# EXERCISE AIM:
Through to the final line, write out the records below exactly, omitting any images they contain.

# Stored records:
+++
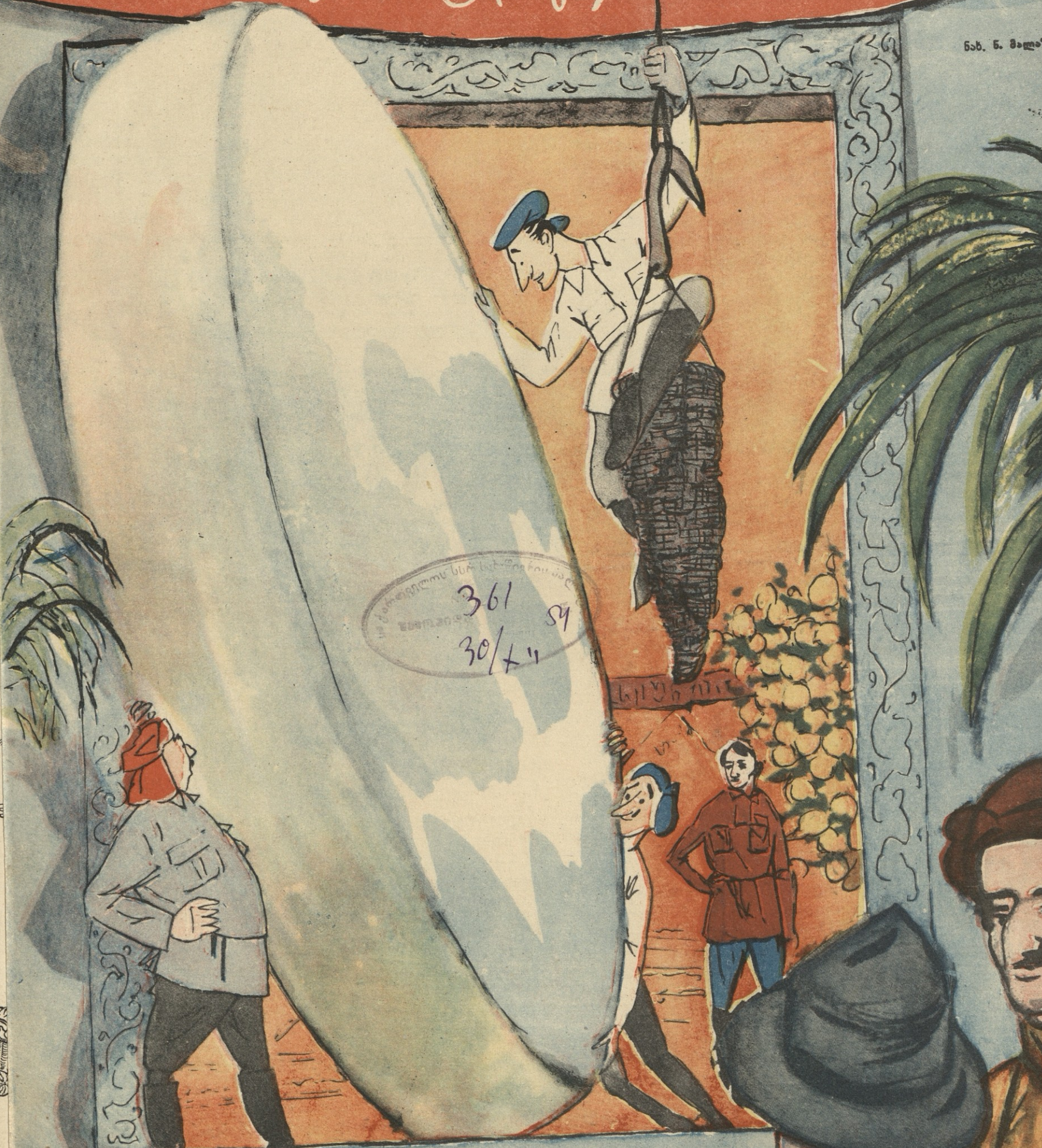
მახარაძის რაიონის სასოფლო-სამეურნეო გამოფენაზე მრავალ საუკეთესო ექსპონატს შორის წარმოდგენილი იყო 60-კილოგრამიანი სულგუნი, რომლის შესატანად საჭირო გახდა კარების ჩამოღება.

გამოფენა დაამზვენა, დახეთ ერთი, რა ყველია! ჩვენი სოფლის სიუხვის და შრომის გამომხატველია!
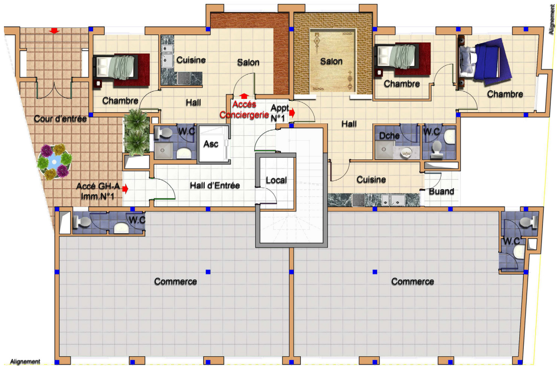
PLAN REZ DE CHAUSSEE - TYPE GH A
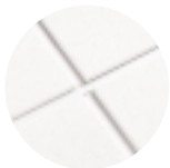
ULTIMA con Reticula de Te expuesta SUPRAFINE 9/16"
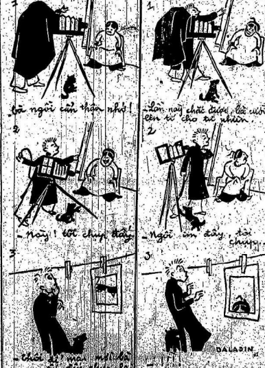
Chỉ cần một vài phút... Tôi thấy nó đi như sao?

Đàn hình mới và rất nhiều... Tôi thấy nó đi như sao?
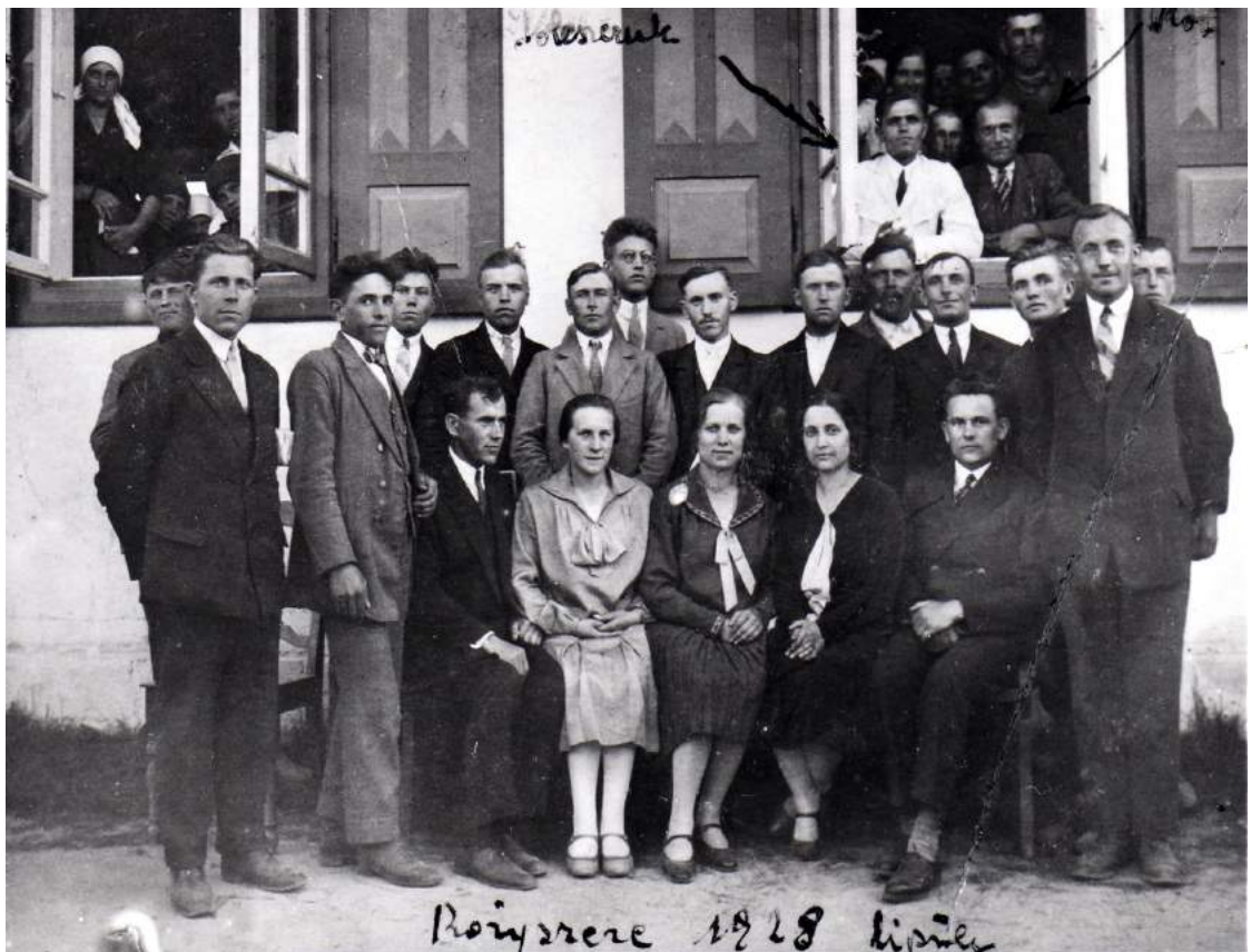
Рис. К. 11. Служителі Східної конференції біля дому молитви с. Пожарки.
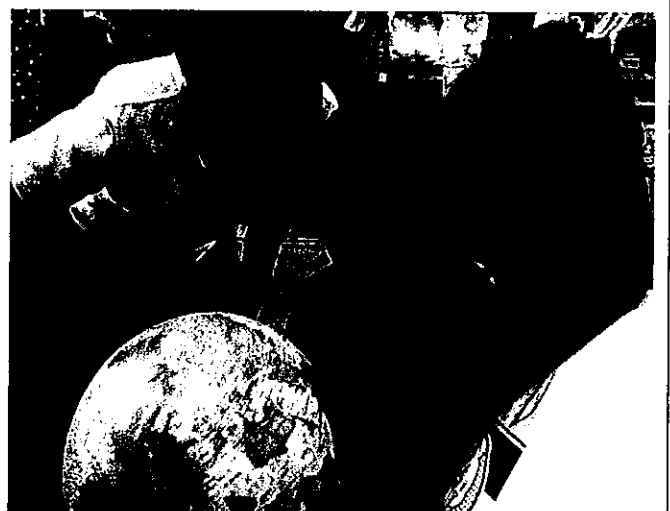
花蓮五味屋透過追夢基金挹注，希望能圓滿每位小老闆們的夢想
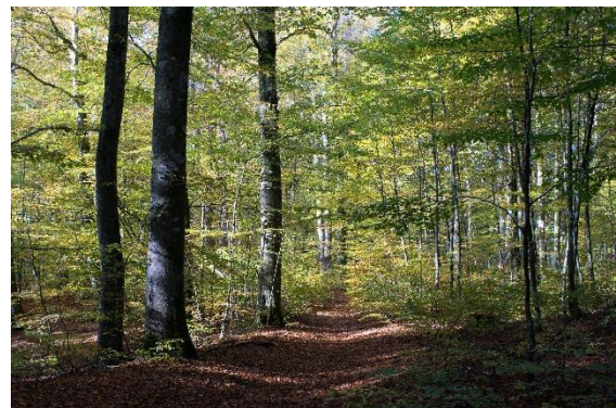
Bøkeskogen i Larvik

فاریسوانت (Farrisvannet) در استان وستفولد و تیلیمارک واقع شده است. آب معدنی فاریس (Farris) نام خود را از فاریسوانت گرفته است. اما آب معدنی فاریس از فاریسوانت (Farrisvannet) نیست، بلکه از چشمه‌های کف جنگل که در نزدیکی برکه‌سکوگن (Bøkeskogen) قرار دارد، گرفته می‌شود.
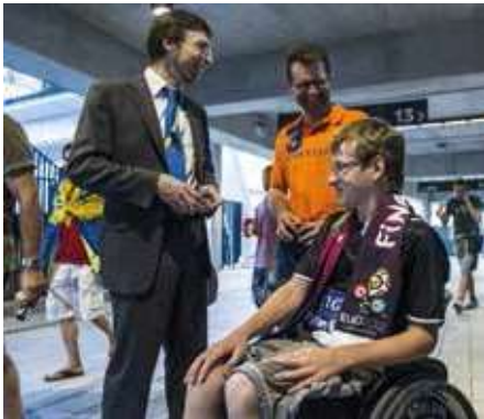
❖ Korisnik invalidskih kolica na NSK Olimpiyskyi, Kyiv, UEFA EURO 2012.
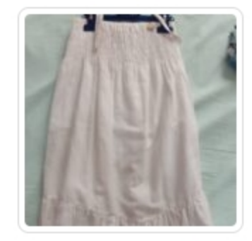
Vestito Bambina – liu jo – Tg.10 anni
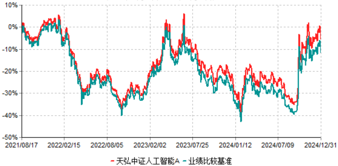
天弘中证人工智能A累计净值增长率与业绩比较基准收益率历史走势对比图 (2021年08月17日-2024年12月31日)
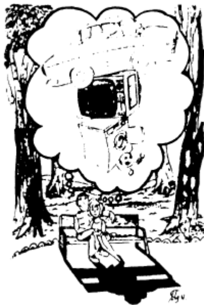
VIVIR DE SUEÑOS
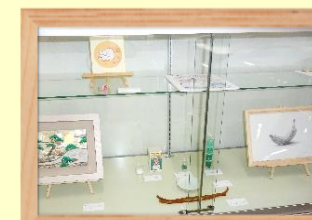
絵画指導 新倉 佳奈子氏
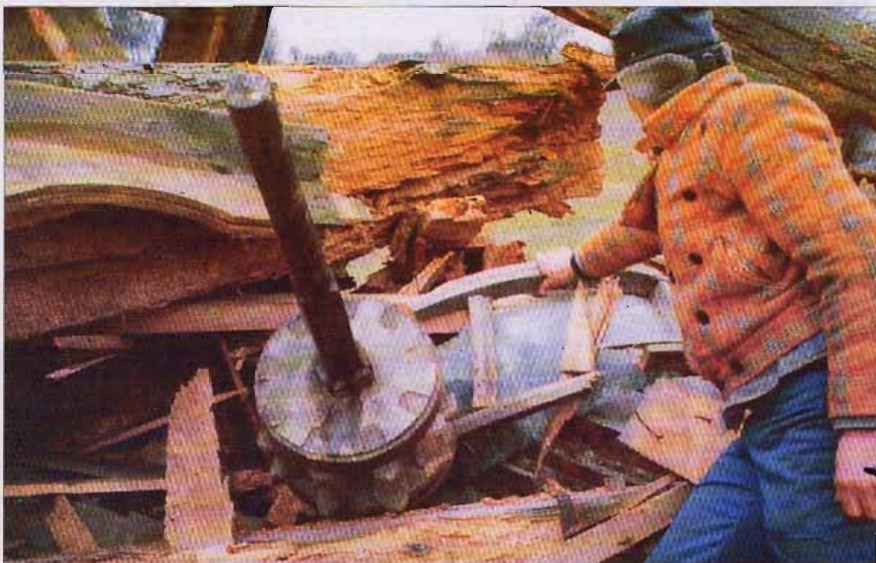
Z bliska dopiero widać, jak bardzo zniszczone były belki konstrukcyjne.
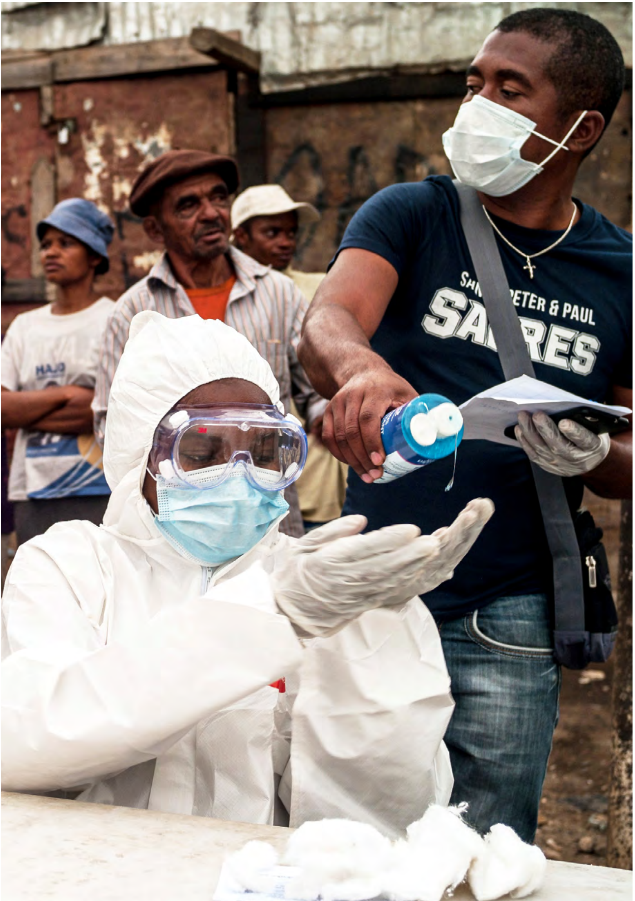
Une agente de santé vêtue d'un équipement de protection individuelle, à Madagascar. La pandémie de COVID-19 a mis à rude épreuve le système de santé du pays, notamment sa capacité à lutter contre d'autres maladies comme le VIH, la tuberculose et le paludisme.
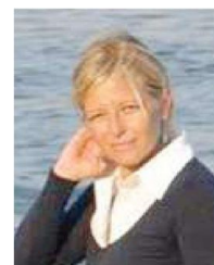
La giornalista Donatella Bianchi
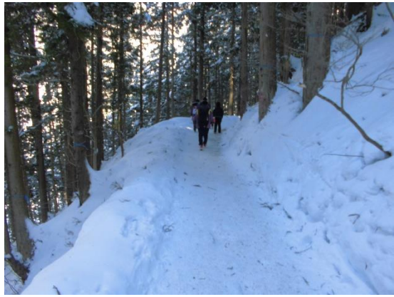
地獄谷野猿御苑に向かう途中（片道約2kmの雪道を歩きました）
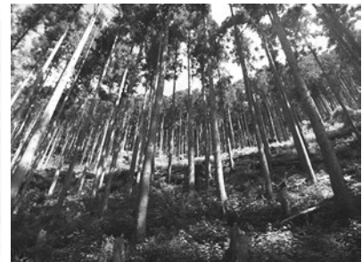
【森林の多面的機能を 高める整備】
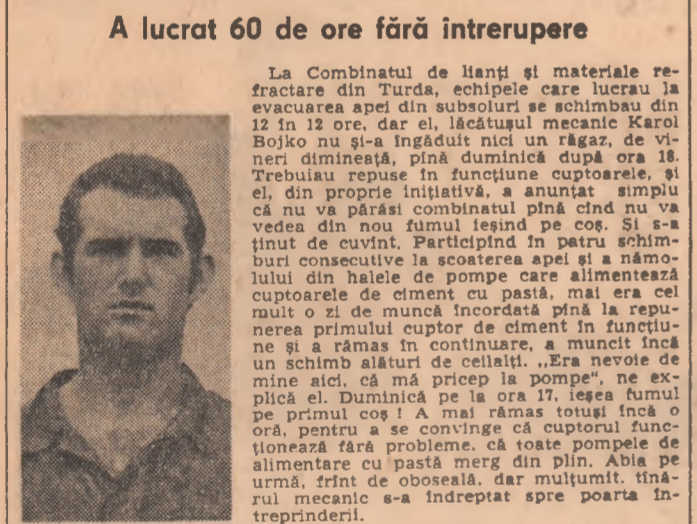
A lucrat 60 de ore fără întrerupere

După mai multe zile și nopți de grea și incertăntă luptă cu apele, de muncă diră pentru vindecarea rînilor lăuate de revărsarea Argeșului, la Turda viața și-a reluat cursul normal. Toate întreprinderile afectate de inundații — „Electroceram”, „Cimentul”, „Sider”, întreprinderea chimică, cea de materiale de construcții, au reintrat în funcțiune și produc la întreaga capacitate. Fiecare din cei peste 3.000 de tineri din unitățile afectate de inundații a participat, muncind eroic, la repararea și înălțarea înălțăturii nămolului din hale, de pe străzi și din case. În fațetele celor trei tineri pe care-i prezentăm aici se regăsește totuși ceilalți.
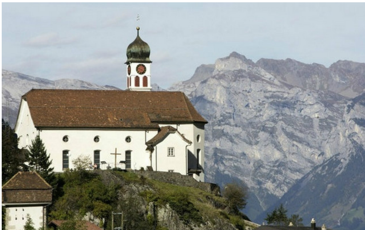
Церковь Вассен

поднимаемся с 440 до 1100 метров, прежде чем нырнуть у Гешенена в 15-километровый туннель», – пишет газета Le Matin. Внутри этой галереи, принявшей первые поезда еще в 1882 году, теперь можно лицезреть сцены из истории региона и мифы Сен-Готарда. Кстати, линия, состоящая из двух сотен мостов и семи винтообразных туннелей, привлекала путешественников всего мира с первого дня своего существования.
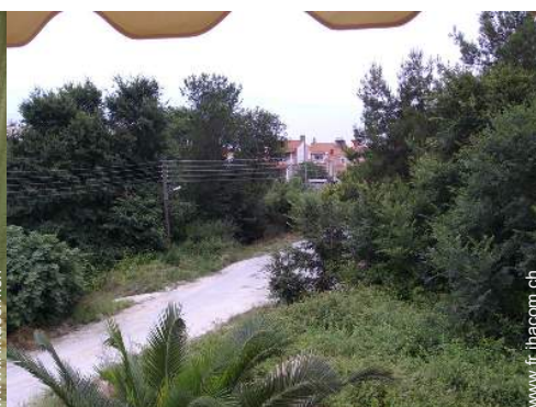
vue sur campagne
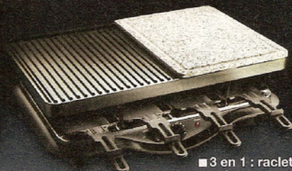
■ 3 en 1 : raclette, grill, cuisson sur pierre (A2)
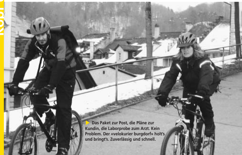
► Das Paket zur Post, die Pläne zur Kundin, die Laborprobe zum Arzt. Kein Problem. Der «velokurier burgdorf» holt's und bringt's. Zuverlässig und schnell.

Bei der Tiergartenunterführung ist eine Querrung des Gütergleises Aebi unumgänglich. Eine Knacknuss für das Projekt Velohochstrasse.
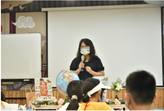
校長說明卡片傳真情的意義
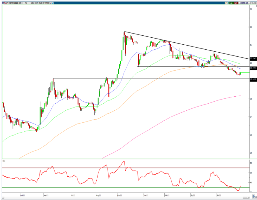
VIOP- Dolar/TL Aralık Vade Kontratı (Günlük)
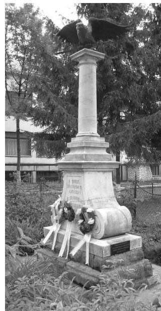
Dolha, a kuruc-emlékmű
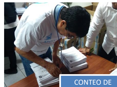
CONTEO DE CUADERNILLOS
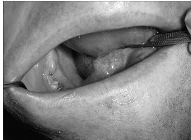
Obr. 1. Obnažení kosti alveolárního výběžku dolní čelisti.

Extrakce zubu se komplikovala alveolitidou bez hnisavé exsudace. Ta vzdorovala běžné terapii, docházelo k rozsáhlejšímu obnažení kosti (obr. 1) v začátku s výraznou bolestivostí, později
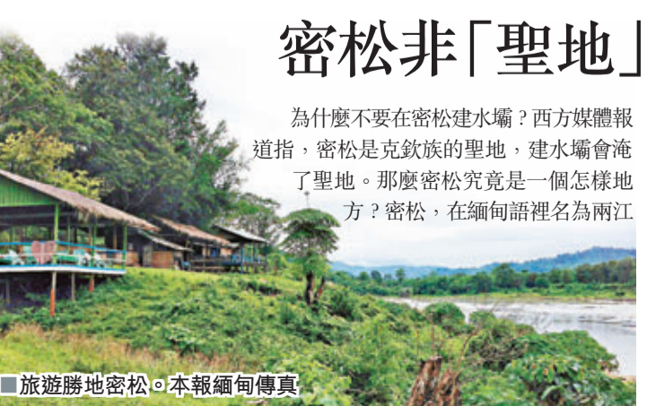
旅遊勝地密松。

那麼密松水電站大壩的安全性究竟如何？對於中國最大的一筆海外投資，中電投在密松大壩安全環保方面的評估一點不敢馬虎。中電投聘請了中緬權威專家，歷時4年時間對密松工程地震安全性技術諮詢，研究顯示密松大壩安全可靠。同時，密松大壩按照9級抗震烈度設計標準，壩體還將安裝700個安全監測設備，時刻監控大壩安全。
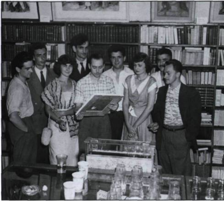
Groupe de jeunes artistes lors du vernissage d'une rétrospective présentée à la librairie Tranquille du 31 juillet au 31 août 1948.
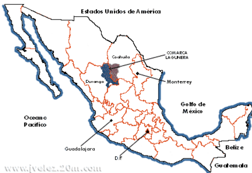
Figura 1. Ubicación de la Comarca Lagunera

El estudio se realizó en invernadero dentro de las instalaciones de la Universidad Autónoma Agraria Antonio Narro- Unidad Laguna, ubicada a 25° 33' 26" latitud norte, 103° 22' 20" longitud oeste, periférico Raúl López Sánchez km 2 y Carretera a Santa Fe S/N, Col. Valle Verde, C.P. 27059, Torreón, Coahuila. Ubicada en la región conocida como Comarca Lagunera dentro de la porción norte de México (Figura 3.1), entre las coordenadas geográficas 24° 30' y 27° latitud norte, y 102° y 104° 40" de longitud oeste, con una altitud de 1150 msnm.
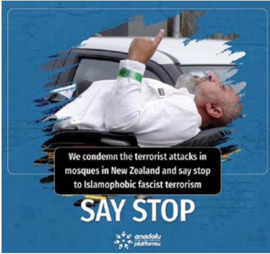
Anadolu Platformu, Yeni Zelanda'da bugün camilere yönelik yapılan terör saldırıları ve 49 Müslümanın katledilmesiyle ilgili bir basın açıklaması yaptı.
+++
# TASK RESPONSE:
მახარაძის რაიონის სასოფლო-სამეურნეო გამოფენაზე მრავალ საუკეთესო ექსპონატს შორის წარმოდგენილი იყო 60-კილოგრამიანი სულგუნი, რომლის შესატანად საჭირო გახდა კარების ჩამოღება.

გამოფენა დაამზვენა, დახეთ ერთი, რა ყველია! ჩვენი სოფლის სიუხვის და შრომის გამომხატველია!
PLAN REZ DE CHAUSSEE - TYPE GH A
ULTIMA con Reticula de Te expuesta SUPRAFINE 9/16"
Chỉ cần một vài phút... Tôi thấy nó đi như sao?

Đàn hình mới và rất nhiều... Tôi thấy nó đi như sao?
Рис. К. 11. Служителі Східної конференції біля дому молитви с. Пожарки.
花蓮五味屋透過追夢基金挹注，希望能圓滿每位小老闆們的夢想
Bøkeskogen i Larvik

فاریسوانت (Farrisvannet) در استان وستفولد و تیلیمارک واقع شده است. آب معدنی فاریس (Farris) نام خود را از فاریسوانت گرفته است. اما آب معدنی فاریس از فاریسوانت (Farrisvannet) نیست، بلکه از چشمه‌های کف جنگل که در نزدیکی برکه‌سکوگن (Bøkeskogen) قرار دارد، گرفته می‌شود.
❖ Korisnik invalidskih kolica na NSK Olimpiyskyi, Kyiv, UEFA EURO 2012.
Vestito Bambina – liu jo – Tg.10 anni
天弘中证人工智能A累计净值增长率与业绩比较基准收益率历史走势对比图 (2021年08月17日-2024年12月31日)
VIVIR DE SUEÑOS
絵画指導 新倉 佳奈子氏
Z bliska dopiero widać, jak bardzo zniszczone były belki konstrukcyjne.
Une agente de santé vêtue d'un équipement de protection individuelle, à Madagascar. La pandémie de COVID-19 a mis à rude épreuve le système de santé du pays, notamment sa capacité à lutter contre d'autres maladies comme le VIH, la tuberculose et le paludisme.
La giornalista Donatella Bianchi
地獄谷野猿御苑に向かう途中（片道約2kmの雪道を歩きました）
【森林の多面的機能を 高める整備】
A lucrat 60 de ore fără întrerupere

După mai multe zile și nopți de grea și incertăntă luptă cu apele, de muncă diră pentru vindecarea rînilor lăuate de revărsarea Argeșului, la Turda viața și-a reluat cursul normal. Toate întreprinderile afectate de inundații — „Electroceram”, „Cimentul”, „Sider”, întreprinderea chimică, cea de materiale de construcții, au reintrat în funcțiune și produc la întreaga capacitate. Fiecare din cei peste 3.000 de tineri din unitățile afectate de inundații a participat, muncind eroic, la repararea și înălțarea înălțăturii nămolului din hale, de pe străzi și din case. În fațetele celor trei tineri pe care-i prezentăm aici se regăsește totuși ceilalți.
Церковь Вассен

поднимаемся с 440 до 1100 метров, прежде чем нырнуть у Гешенена в 15-километровый туннель», – пишет газета Le Matin. Внутри этой галереи, принявшей первые поезда еще в 1882 году, теперь можно лицезреть сцены из истории региона и мифы Сен-Готарда. Кстати, линия, состоящая из двух сотен мостов и семи винтообразных туннелей, привлекала путешественников всего мира с первого дня своего существования.
vue sur campagne
■ 3 en 1 : raclette, grill, cuisson sur pierre (A2)
► Das Paket zur Post, die Pläne zur Kundin, die Laborprobe zum Arzt. Kein Problem. Der «velokurier burgdorf» holt's und bringt's. Zuverlässig und schnell.

Bei der Tiergartenunterführung ist eine Querrung des Gütergleises Aebi unumgänglich. Eine Knacknuss für das Projekt Velohochstrasse.
校長說明卡片傳真情的意義
VIOP- Dolar/TL Aralık Vade Kontratı (Günlük)
Dolha, a kuruc-emlékmű
CONTEO DE CUADERNILLOS
Obr. 1. Obnažení kosti alveolárního výběžku dolní čelisti.

Extrakce zubu se komplikovala alveolitidou bez hnisavé exsudace. Ta vzdorovala běžné terapii, docházelo k rozsáhlejšímu obnažení kosti (obr. 1) v začátku s výraznou bolestivostí, později
旅遊勝地密松。

那麼密松水電站大壩的安全性究竟如何？對於中國最大的一筆海外投資，中電投在密松大壩安全環保方面的評估一點不敢馬虎。中電投聘請了中緬權威專家，歷時4年時間對密松工程地震安全性技術諮詢，研究顯示密松大壩安全可靠。同時，密松大壩按照9級抗震烈度設計標準，壩體還將安裝700個安全監測設備，時刻監控大壩安全。
Groupe de jeunes artistes lors du vernissage d'une rétrospective présentée à la librairie Tranquille du 31 juillet au 31 août 1948.
Figura 1. Ubicación de la Comarca Lagunera

El estudio se realizó en invernadero dentro de las instalaciones de la Universidad Autónoma Agraria Antonio Narro- Unidad Laguna, ubicada a 25° 33' 26" latitud norte, 103° 22' 20" longitud oeste, periférico Raúl López Sánchez km 2 y Carretera a Santa Fe S/N, Col. Valle Verde, C.P. 27059, Torreón, Coahuila. Ubicada en la región conocida como Comarca Lagunera dentro de la porción norte de México (Figura 3.1), entre las coordenadas geográficas 24° 30' y 27° latitud norte, y 102° y 104° 40" de longitud oeste, con una altitud de 1150 msnm.
Anadolu Platformu, Yeni Zelanda'da bugün camilere yönelik yapılan terör saldırıları ve 49 Müslümanın katledilmesiyle ilgili bir basın açıklaması yaptı.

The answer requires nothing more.